Libya’s National Oil Corporation (NOC) has signed a significant Memorandum of Understanding (MoU) with British energy company BP to assess the redevelopment of two of Libya’s most important oilfields, Sarir and Messla, located in the Sirte Basin.
The agreement marks a strategic step toward revitalizing some of the country’s oldest hydrocarbon assets and exploring broader energy opportunities.
Discovered in 1961 and 1971 respectively, the Sarir and Messla oilfields are among Libya’s largest and most productive. However, over the years, both fields have faced declining output due to aging infrastructure and limited reinvestment.
Under this new MoU, BP and NOC will jointly examine technical data, assess the remaining resource potential, and evaluate options for redevelopment, enhanced recovery, and further exploration in the surrounding areas.
The agreement also includes provisions to study the potential for unconventional oil and gas reserves elsewhere in Libya.
For the NOC, this partnership reflects a renewed commitment to attracting international expertise to boost production capacity and modernize the country’s energy sector, which remains the cornerstone of Libya’s economy.
BP’s return to active collaboration in Libya is especially significant. In 2007, the company signed an Exploration and Production Sharing Agreement (EPSA) with NOC covering large onshore and offshore blocks. However, the outbreak of political instability in Libya led to the declaration of force majeure and a freeze on activities.

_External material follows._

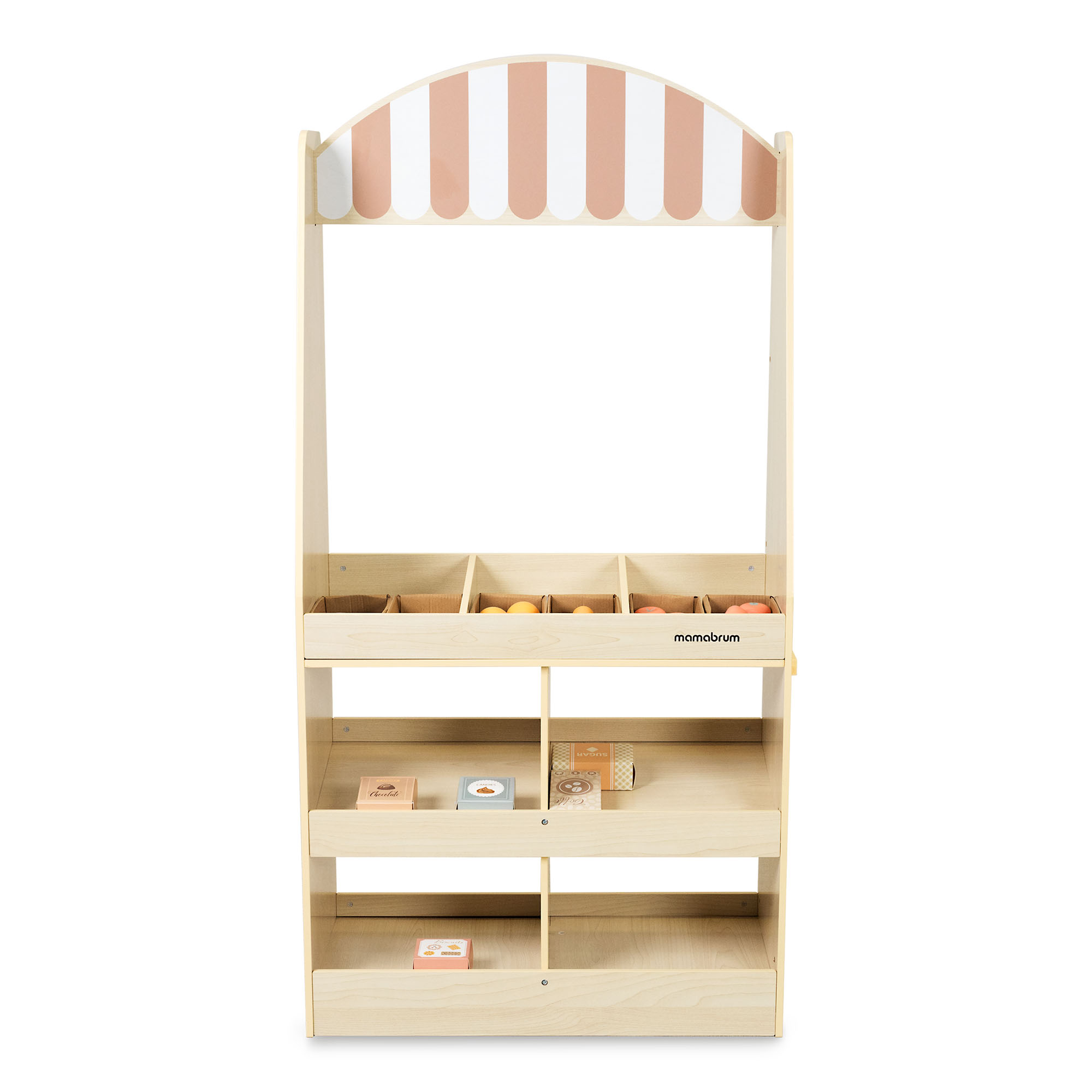 Változtasd át a gyerekszobát nyüzsgő szupermarketté! A Mamabrum fabolt egy igazi kreatív játékközpont, ahol a kicsik eladók vagy vásárlók szerepét ölthetik magukra. Realisztikus dizájnja , nagy SZUPERMARKET felirata és praktikus táblája az árak vagy promóciók felírására azt az érzést kelti a gyerekekben , mintha egy igazi boltban lennének . Nagyszerű módja a képzelőerő fejlesztésének, a számolás megtanulásának és a szociális készségek gyakorlásának – mindezt egy soha el nem múló mókán keresztül!

In 2022, Italian energy company Eni acquired a 42.5% stake in the EPSA and became the operator, with BP retaining an equal share and the Libyan Investment Authority holding the remaining 15%. Force majeure was officially lifted in 2023, and operations resumed in the onshore areas.
BP’s Executive Vice President for Gas and Low Carbon Energy, William Lin, described the new MoU as a step toward deepening collaboration with Libya. “This agreement shows our strong interest in helping shape the future of Libya’s energy sector. We hope to apply our global expertise in redeveloping major oilfields to support NOC’s goals,” he said.
The MoU lays the groundwork for technical studies and feasibility assessments, which could lead to renewed field development and exploration programs. If successful, the partnership could result in increased production, technology transfer, and new investment flows into Libya’s oil and gas sector.